Friday, January 30, 2009

Writing is Hard: The Core of Advertising

Something else I need to get way more serious about learning is marketing. Our first try at Jesse James vs. Machine Gun Kelly was an example of that. Unless you read this blog or happen to love scouring the fine print in the back of the Previews catalog, you didn't know about it. No wonder it was under-ordered. I didn't even do everything that I know I'm supposed to do to promote a book.

I really should take some classes in marketing, but until then, I'll keep on trying to learn from the wisdom of others. Like this post by Erica Friedman about the difficulties of advertising and promoting manga. I don't write manga, obviously, but the concepts apply to anything you're trying to sell.
The core of advertising is saturation. One of the tenets of advertising is that repetition is the key.

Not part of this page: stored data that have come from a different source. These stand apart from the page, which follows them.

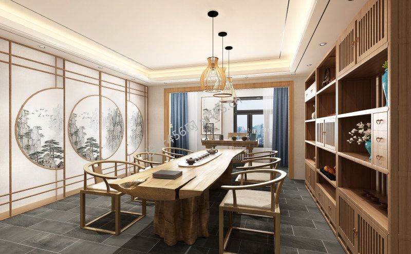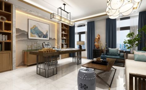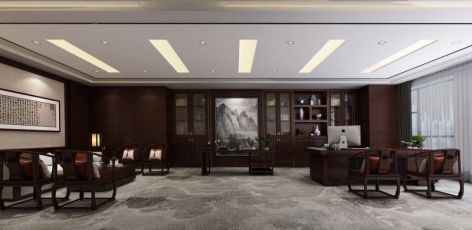 办公室新中式风格505平米装修案例风效果图
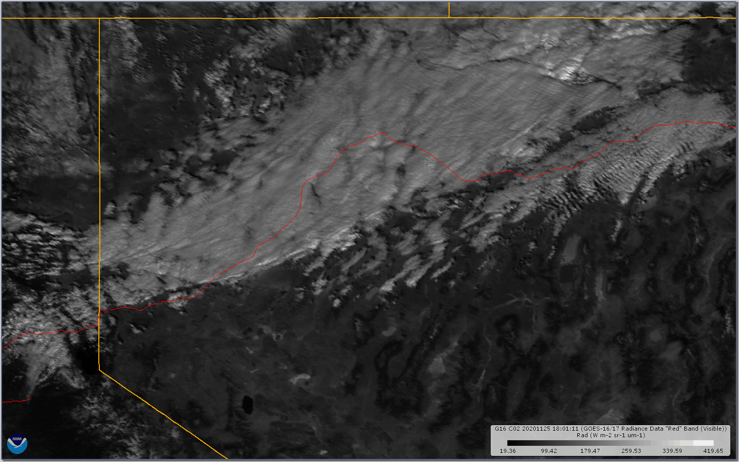GOES satellite imagery for 11/25/2020 LST showing wave clouds.
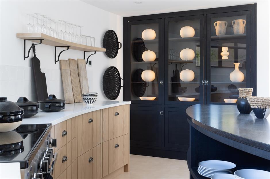Here you can see one example of how the architectural design of the building is mirrored inside, with the curve of that back wall clearly seen in the kitchen. Pippa and Scott also brought some other design features of the outside in here, including the blackened timber of the exterior, seen in the dresser and the island.
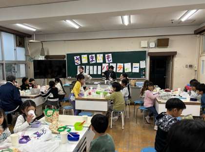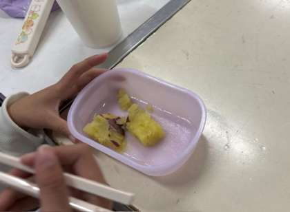 2年生が育てていたサツマイモがたくさんの実をつけました。掘り起こしたお芋を調理してみんなでおいしくいただきました。先生たちも招待してにぎやかなパーティーになりました。
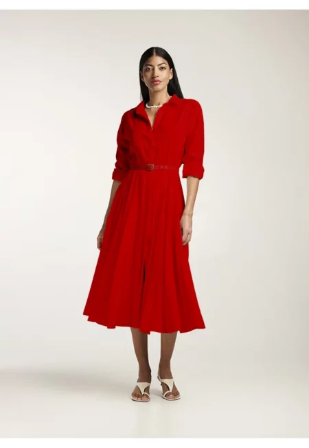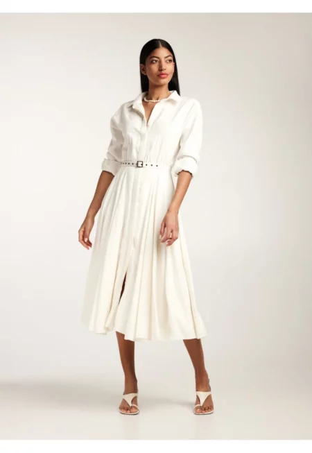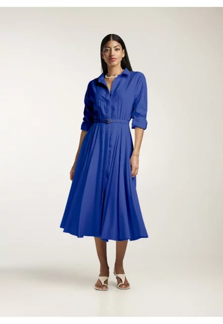 Rimini Flared Midi Dress With Embroiedered Sleeves

The ad for XYZ car may annoy the heck out of you, when you see it on TV, hear it on radio, see it in a magazine and on billboards, but chances are, you'd recognize the car if I showed you a picture. Buying one ad won't make a difference. A company has to buy many, many ads to establish in our thick brains that a series is out.
Saturation as the core of advertising isn't her point at all, by the way. Her point is that even after you spend a ton of money saturating websites and print publications with your ads, no one's actually going to pay attention to them. Depressing, but true.

The alternative, however, isn't to not try to saturate. You still have to get the word out. How to do that effectively (both in terms of cost and results) is the hard part.